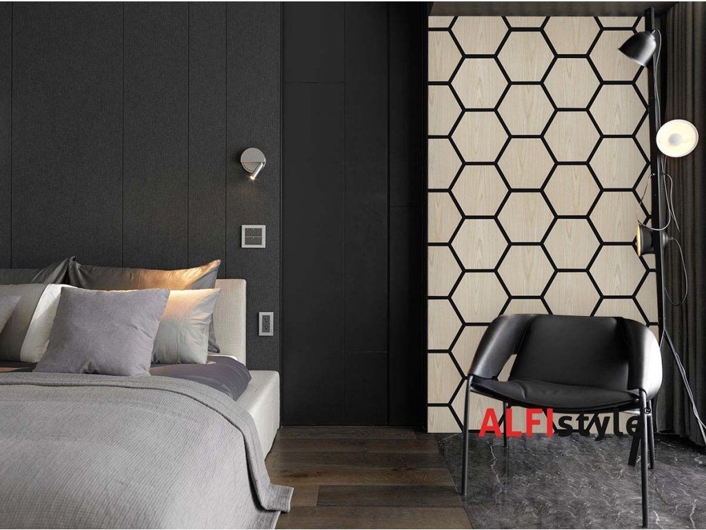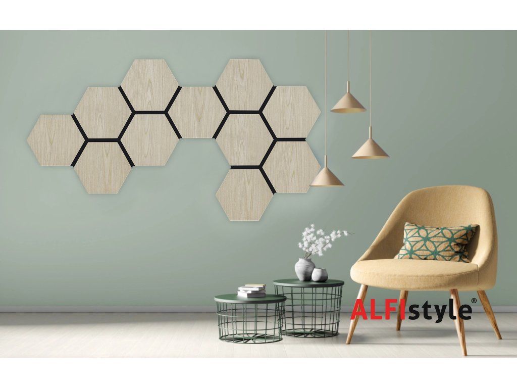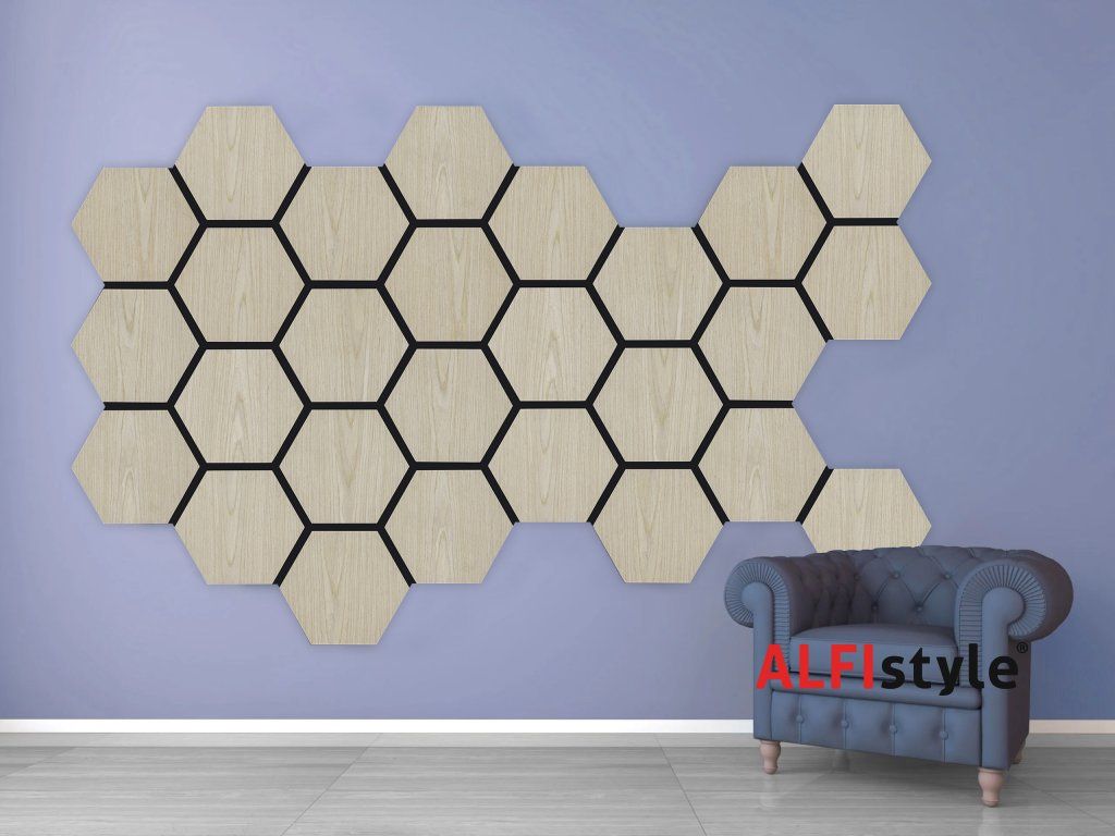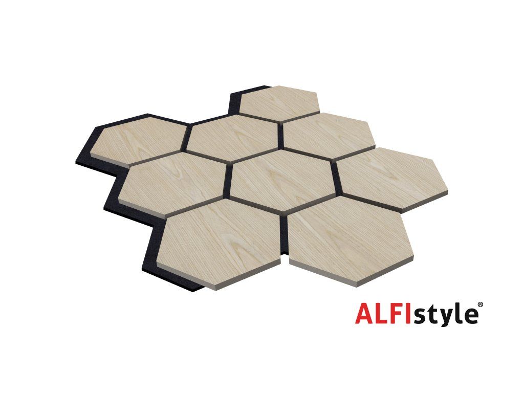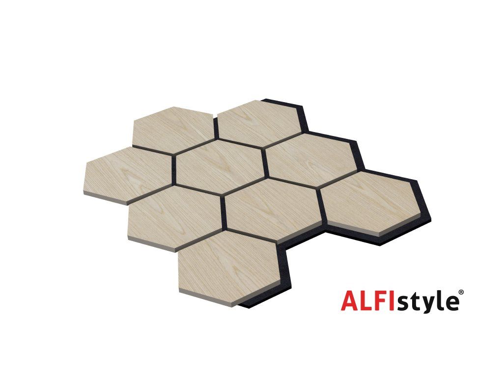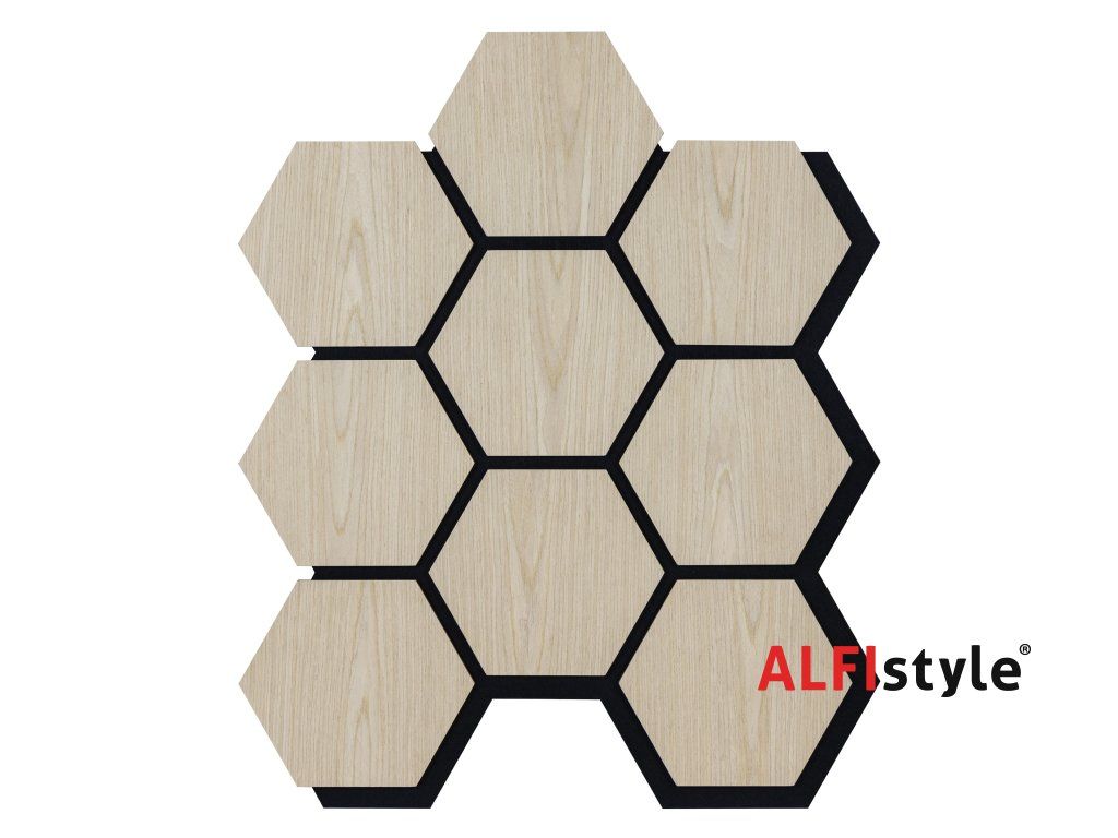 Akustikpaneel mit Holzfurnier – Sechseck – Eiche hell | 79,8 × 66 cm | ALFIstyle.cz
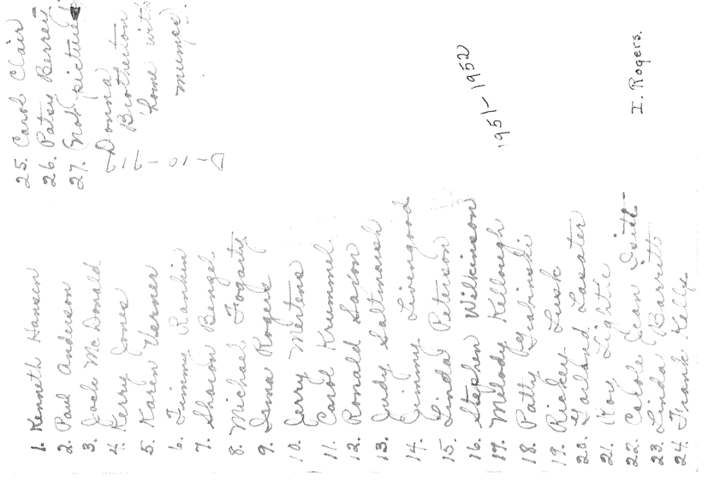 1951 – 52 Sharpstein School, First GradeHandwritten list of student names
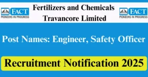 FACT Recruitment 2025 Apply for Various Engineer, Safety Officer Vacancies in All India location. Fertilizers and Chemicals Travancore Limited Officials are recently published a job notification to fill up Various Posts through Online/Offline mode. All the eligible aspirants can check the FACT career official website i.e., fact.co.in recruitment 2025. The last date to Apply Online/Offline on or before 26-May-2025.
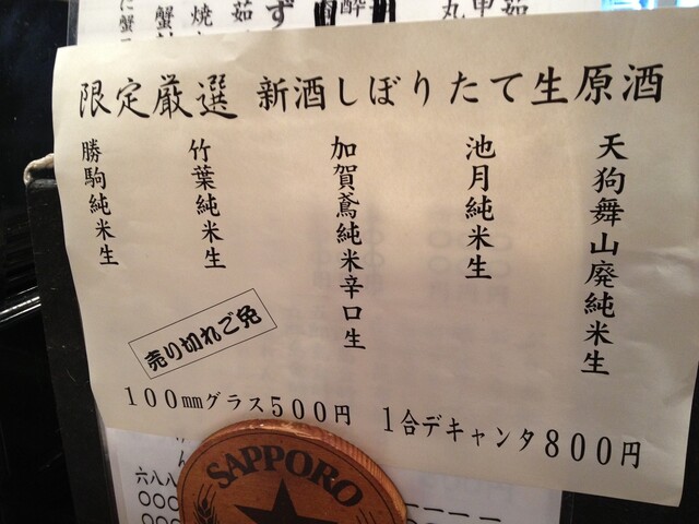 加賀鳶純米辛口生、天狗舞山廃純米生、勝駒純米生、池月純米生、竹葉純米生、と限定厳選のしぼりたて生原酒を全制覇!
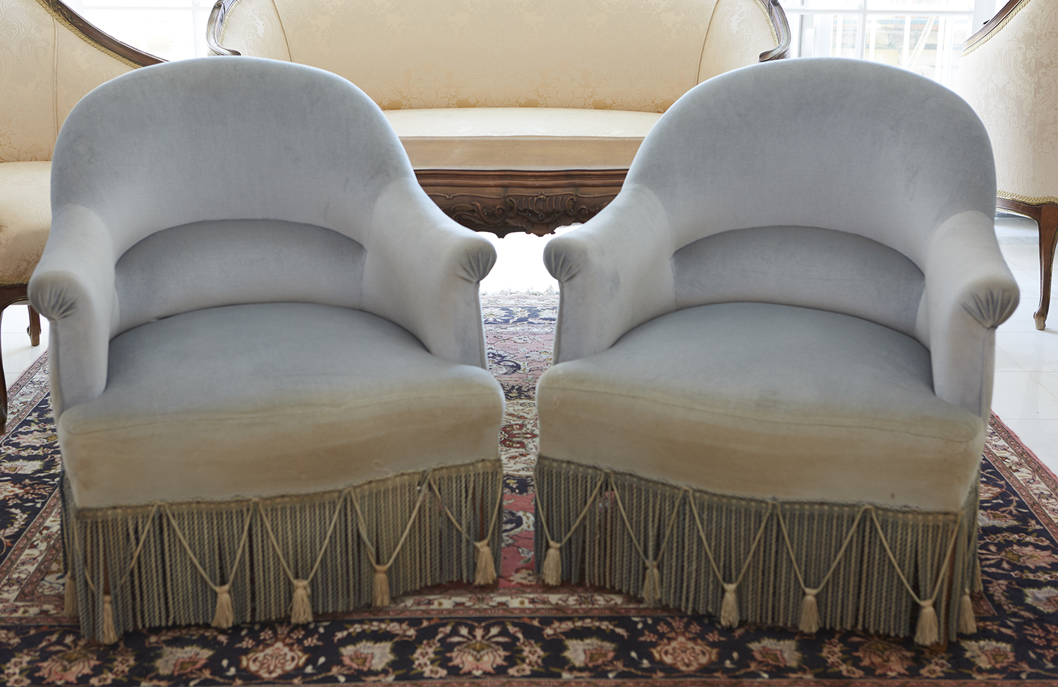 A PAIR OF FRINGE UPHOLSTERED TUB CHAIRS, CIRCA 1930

════════

## Problem to work on:
Please repeat the data verbatim and leave the pictures out of your copy.

## Expected output:
 Akustikpaneel mit Holzfurnier – Sechseck – Eiche hell | 79,8 × 66 cm | ALFIstyle.cz
 1951 – 52 Sharpstein School, First GradeHandwritten list of student names
 FACT Recruitment 2025 Apply for Various Engineer, Safety Officer Vacancies in All India location. Fertilizers and Chemicals Travancore Limited Officials are recently published a job notification to fill up Various Posts through Online/Offline mode. All the eligible aspirants can check the FACT career official website i.e., fact.co.in recruitment 2025. The last date to Apply Online/Offline on or before 26-May-2025.
 加賀鳶純米辛口生、天狗舞山廃純米生、勝駒純米生、池月純米生、竹葉純米生、と限定厳選のしぼりたて生原酒を全制覇!
 A PAIR OF FRINGE UPHOLSTERED TUB CHAIRS, CIRCA 1930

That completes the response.